[RECORD EXCERPTS]:
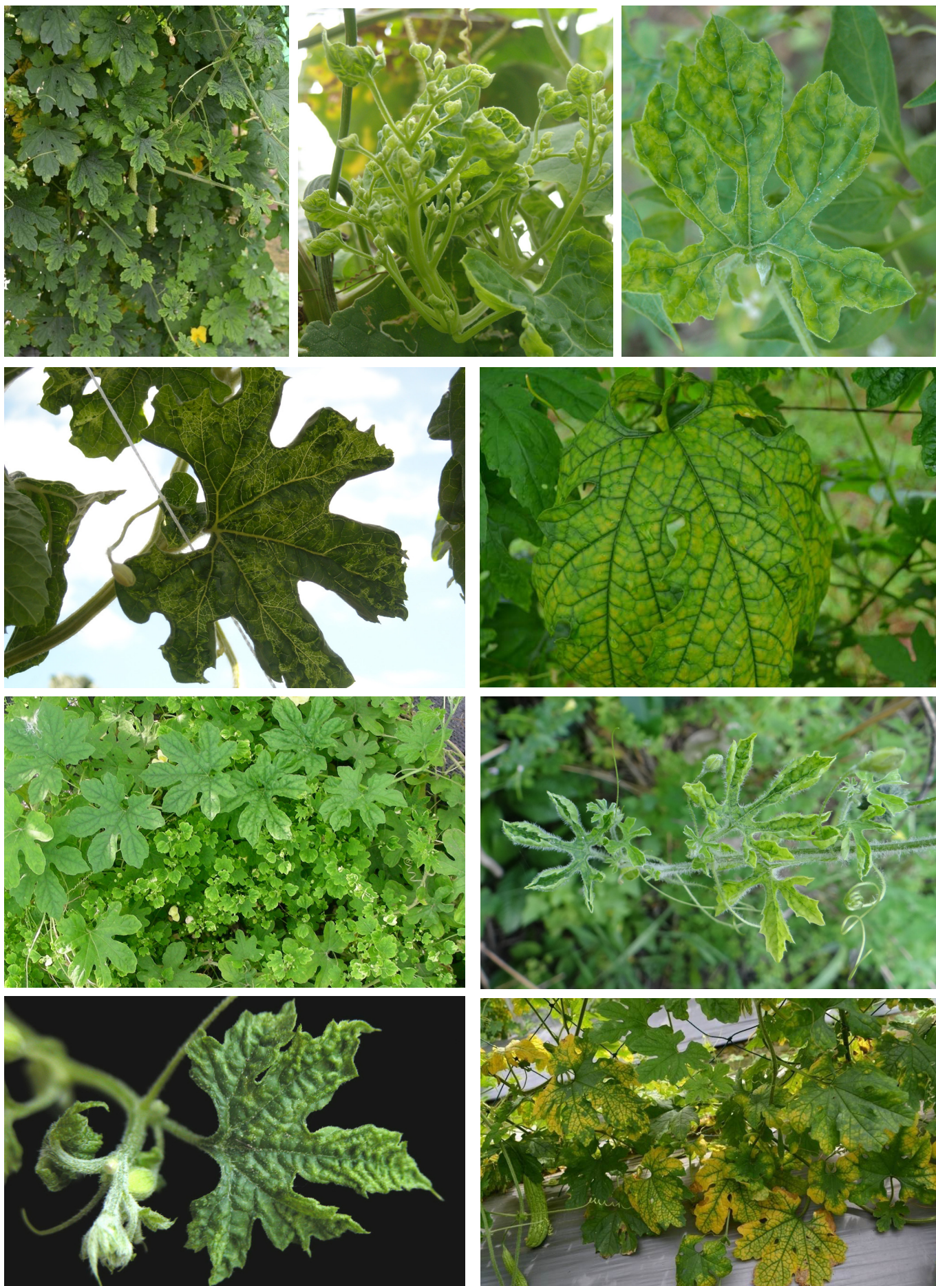
Figure 6. Virus-like symptoms include leaf yellowing, leaf rolling or cupping, leaf deformation and/or size reduction. The leaves may also be blistered and/or narrowed with green vein-banding, and/or have chlorotic mosaic and mottle patterns or yellow spots. Buds can become necrotic. Fruits may be small and malformed with green mottle and/or water-soaked lesions. Please observe the incidence and rate the plants (if possible please record the predominant symptom types in remarks) in Table 3.
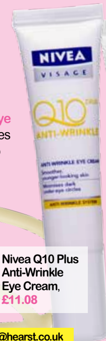
Nivea Q10 Plus Anti-Wrinkle Eye Cream, £11.08

Small amounts of Botox, from £200 , can be injected into the eyes' outer corners to smooth out wrinkles.
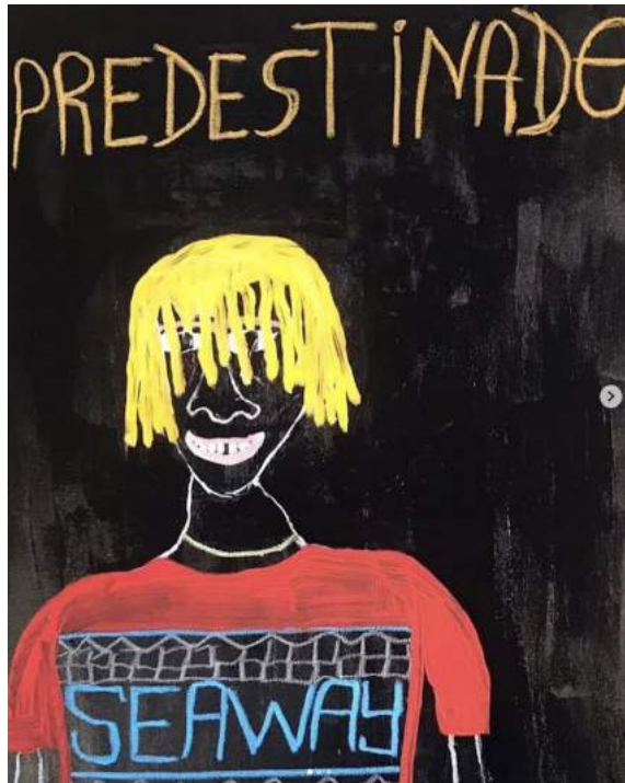
JAMEX O cria predestinado , 2022 50 x 80 cm | 20" x 32" PVA, enamel and oil pastels on canvas
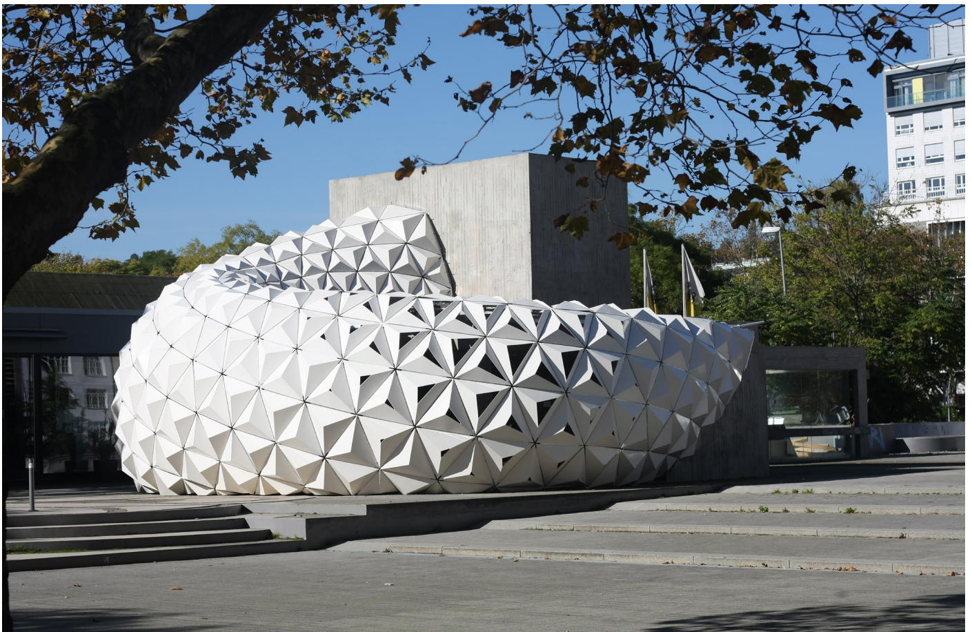
Figure 3: Arboskin Building The ArboSkin pavilion at the University of Stuttgart is made from 388 biodegradable bioplastic panels.
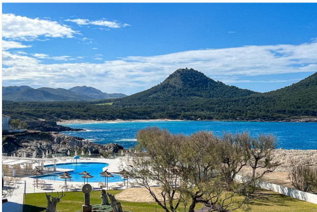
View of Cala Agulla
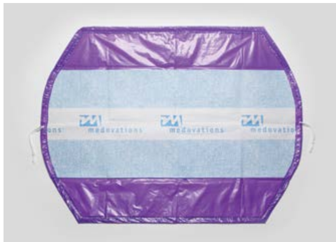
Edge-to-edge absorbent padding.

*Standards of Infection Control in Reprocessing of Flexible Gastrointestinal Endoscopes, SGNA © 2016
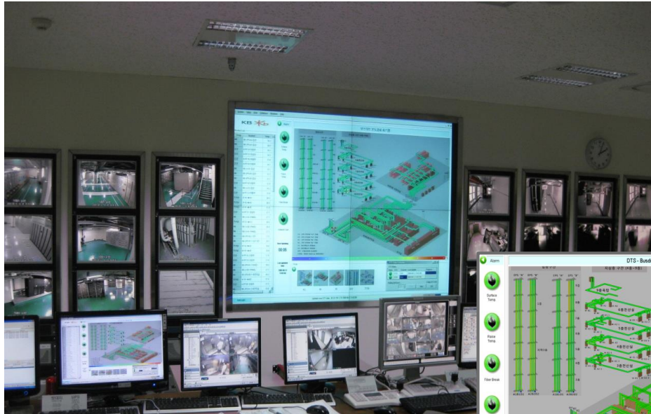
Central Control Room
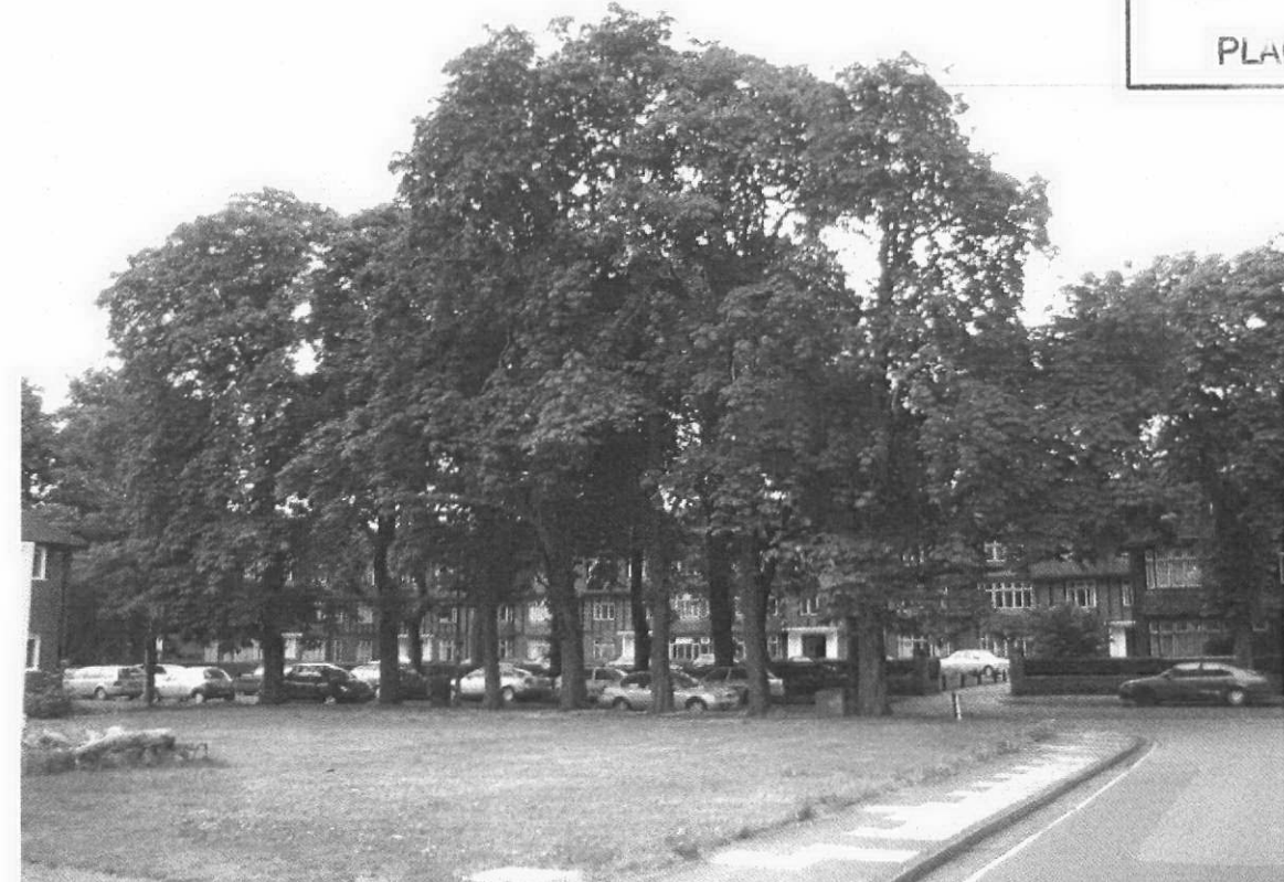
Photo 4: View across the south-west corner area from Roseleigh Close showing the site main characteristics (open margins, corner space, and trees) to be retained.

SITE LOCATED AT THE JUNCTION OF ROSELEIGH CLOSE AND CAMBRIDGE PARK, EAST TWICKENHAM, MIDDLESEX TW1

[TASK REQUIREMENTS]: How many lines in this material contain the string "View"? State the number alone.

[ANSWER BELOW]: 2